Stored dataset items
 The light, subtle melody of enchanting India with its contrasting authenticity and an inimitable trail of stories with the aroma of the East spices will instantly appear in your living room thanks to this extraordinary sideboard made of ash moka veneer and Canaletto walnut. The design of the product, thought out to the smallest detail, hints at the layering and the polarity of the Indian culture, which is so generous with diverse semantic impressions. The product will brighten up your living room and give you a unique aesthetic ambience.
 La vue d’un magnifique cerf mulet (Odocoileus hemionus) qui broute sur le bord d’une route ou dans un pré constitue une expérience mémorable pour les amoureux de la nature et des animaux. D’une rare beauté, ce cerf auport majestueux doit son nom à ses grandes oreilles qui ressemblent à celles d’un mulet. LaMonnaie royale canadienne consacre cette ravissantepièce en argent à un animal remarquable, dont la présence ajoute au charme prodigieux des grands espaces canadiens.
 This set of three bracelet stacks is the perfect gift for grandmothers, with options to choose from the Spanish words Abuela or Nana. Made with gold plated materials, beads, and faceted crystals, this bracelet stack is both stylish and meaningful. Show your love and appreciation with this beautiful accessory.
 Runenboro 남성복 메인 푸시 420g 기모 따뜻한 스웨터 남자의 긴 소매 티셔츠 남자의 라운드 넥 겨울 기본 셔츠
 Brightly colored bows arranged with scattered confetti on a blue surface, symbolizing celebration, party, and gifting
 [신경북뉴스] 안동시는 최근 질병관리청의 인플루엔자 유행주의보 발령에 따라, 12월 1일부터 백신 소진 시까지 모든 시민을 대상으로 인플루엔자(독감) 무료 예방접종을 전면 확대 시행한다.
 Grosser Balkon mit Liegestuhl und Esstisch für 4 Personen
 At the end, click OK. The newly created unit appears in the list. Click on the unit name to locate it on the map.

- How to complete this task -
Could you restate all of the lines above without altering a single word?

- Your response -
 The light, subtle melody of enchanting India with its contrasting authenticity and an inimitable trail of stories with the aroma of the East spices will instantly appear in your living room thanks to this extraordinary sideboard made of ash moka veneer and Canaletto walnut. The design of the product, thought out to the smallest detail, hints at the layering and the polarity of the Indian culture, which is so generous with diverse semantic impressions. The product will brighten up your living room and give you a unique aesthetic ambience.
 La vue d’un magnifique cerf mulet (Odocoileus hemionus) qui broute sur le bord d’une route ou dans un pré constitue une expérience mémorable pour les amoureux de la nature et des animaux. D’une rare beauté, ce cerf auport majestueux doit son nom à ses grandes oreilles qui ressemblent à celles d’un mulet. LaMonnaie royale canadienne consacre cette ravissantepièce en argent à un animal remarquable, dont la présence ajoute au charme prodigieux des grands espaces canadiens.
 This set of three bracelet stacks is the perfect gift for grandmothers, with options to choose from the Spanish words Abuela or Nana. Made with gold plated materials, beads, and faceted crystals, this bracelet stack is both stylish and meaningful. Show your love and appreciation with this beautiful accessory.
 Runenboro 남성복 메인 푸시 420g 기모 따뜻한 스웨터 남자의 긴 소매 티셔츠 남자의 라운드 넥 겨울 기본 셔츠
 Brightly colored bows arranged with scattered confetti on a blue surface, symbolizing celebration, party, and gifting
 [신경북뉴스] 안동시는 최근 질병관리청의 인플루엔자 유행주의보 발령에 따라, 12월 1일부터 백신 소진 시까지 모든 시민을 대상으로 인플루엔자(독감) 무료 예방접종을 전면 확대 시행한다.
 Grosser Balkon mit Liegestuhl und Esstisch für 4 Personen
 At the end, click OK. The newly created unit appears in the list. Click on the unit name to locate it on the map.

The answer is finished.